The goal is to achieve substitutability without subservience.
Diplomacy must match Data
India should not view this situation in terms of retaliation versus surrender. The true challenge lies in restoring predictability to an unpredictable global order.
A confident response involves the following steps:
# Initiate a bilateral emergency trade dialogue with the US through a special envoy, ideally someone outside the bureaucracy with cross-party credibility.
# Negotiate a short-term standstill agreement where the US halts tariff implementation for 90 days while India offers partial concessions and engages in structural dialogue.
# Involve like-minded partners such as Canada, Japan, and South Korea, who have faced similar coercion, to support India's call for rules-based dispute resolution at WTO plus forums.
India must project constructive agency, not passivity.
What's at Stake? India's Global Identity
India aspires to establish itself as a prominent voice in the Global South, a digital democracy, and a robust manufacturing hub. To fulfil this role, India must be perceived as not merely a counterweight but also a contributor to global economic governance. Achieving this will necessitate the formulation of cleaner and more efficient trade policies, including real-time industry consultation; agile economic diplomacy, wherein commerce and foreign policy are aligned; and the development of long-term industrial depth, rather than relying solely on short-term tariff protection.

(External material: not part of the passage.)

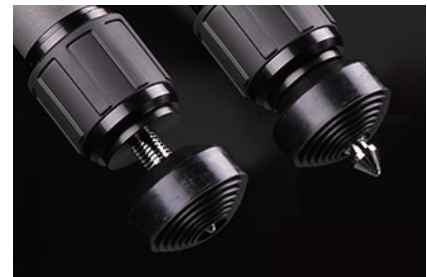
2-WAY Leg Tip (rubber and spike)

This is not a crisis to endure but a pivotal moment to determine the nature of the economy and the type of global actor that India seeks to become.
Conclusion: The Shock India Needed
If India approaches this tariff situation with clarity, confidence, and creativity, it could serve as a pivotal moment, similar to the 1991 crisis that initiated economic liberalisation.
In the immediate future, these challenges will be tangible. However, in the long term, the actions of the Trump administration may compel India to reconceptualise trade as a strategic endeavour rather than merely a commercial one. This should serve as a catalyst for change, not to withdraw from global engagement but to fundamentally transform the manner in which India interacts with the international community. This is not merely about tactical retaliation or concessions. It is about rethinking India’s institutional trade architecture with long-term investments in customs reform, FTAs, logistics and export resilience.